Exercise description: All of the data, word for word and free of pictures, is the expected result.

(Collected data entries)
--

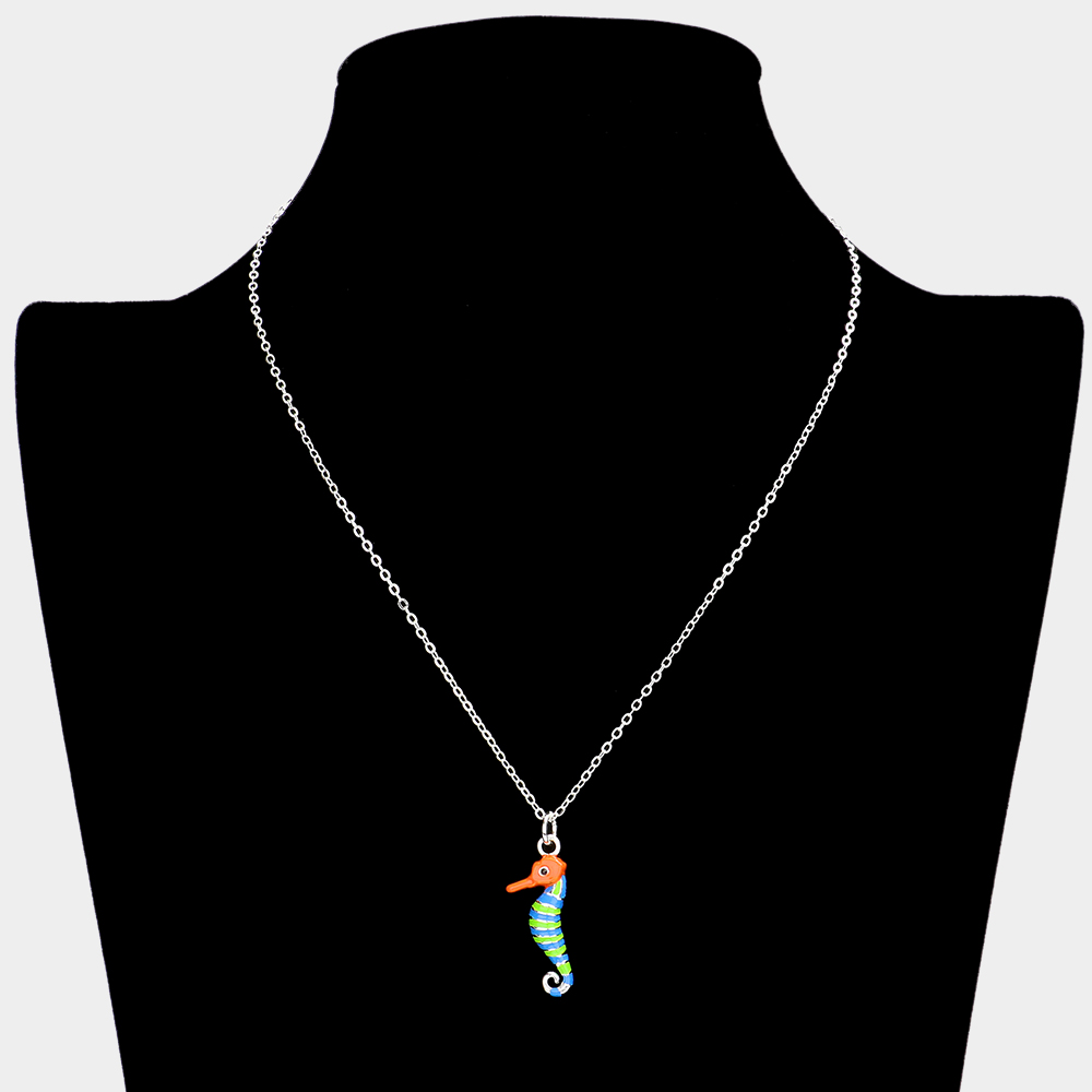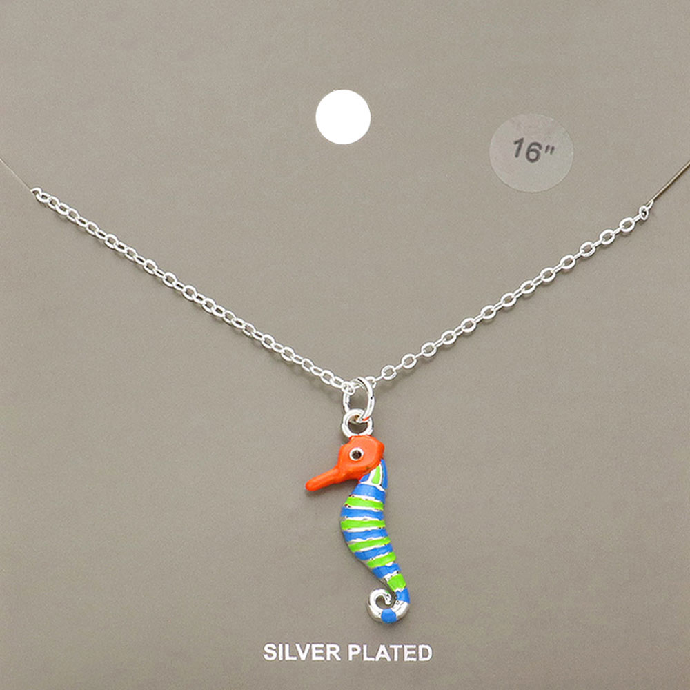 Silver Plated Enamel Metal Seahorse Pendant Necklace
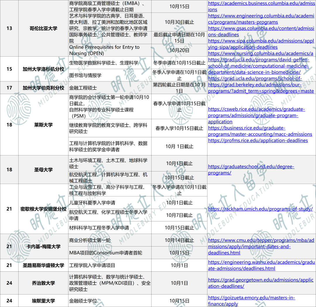 美硕申请通常从每年8月、9月开始,申请多在12月至次年1月截止,部分专业3-5月仍可申请,最早的也有10月左右截止的!
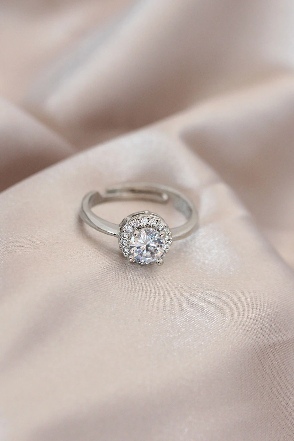 Ayarlamalı Gümüş Renk Metal Zirkon ve Kristal Taşlı Oval Model Yüzük - TJ-BYK2073
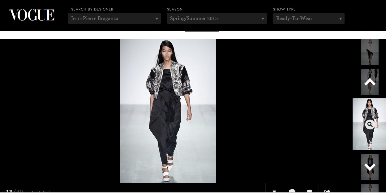 | Vào lúc 15h chiều (giờ London) ngày 12/9, Hoàng Thuỳ có mặt trong show diễn của nhà thiết kế Jean Pierre Braganza. Show thời trang được truyền hình trực tiếp tại Fashion Scout. Bộ sưu tập của Jean Pierre Braganza gây ấn tượng tới người hâm mộ với các thiết kế mạnh mẽ trên chất liệu mềm mại cùng những hoạ tiết độc đáo. |
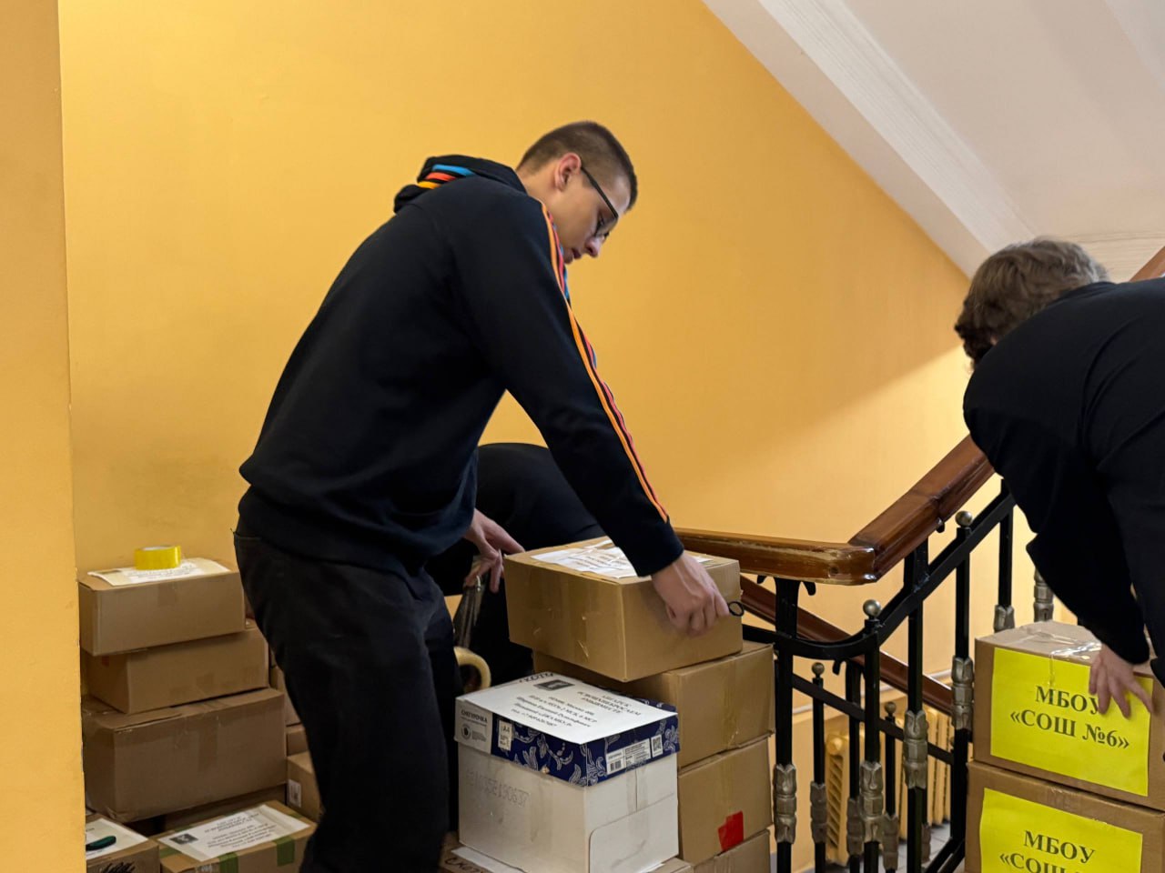 Посылки, собранные в школах Ангарского округа для земляков-участников спецоперации отправили из администрации накануне.

--

Written answer:
 Silver Plated Enamel Metal Seahorse Pendant Necklace
 美硕申请通常从每年8月、9月开始,申请多在12月至次年1月截止,部分专业3-5月仍可申请,最早的也有10月左右截止的!
 Ayarlamalı Gümüş Renk Metal Zirkon ve Kristal Taşlı Oval Model Yüzük - TJ-BYK2073
 | Vào lúc 15h chiều (giờ London) ngày 12/9, Hoàng Thuỳ có mặt trong show diễn của nhà thiết kế Jean Pierre Braganza. Show thời trang được truyền hình trực tiếp tại Fashion Scout. Bộ sưu tập của Jean Pierre Braganza gây ấn tượng tới người hâm mộ với các thiết kế mạnh mẽ trên chất liệu mềm mại cùng những hoạ tiết độc đáo. |
 Посылки, собранные в школах Ангарского округа для земляков-участников спецоперации отправили из администрации накануне.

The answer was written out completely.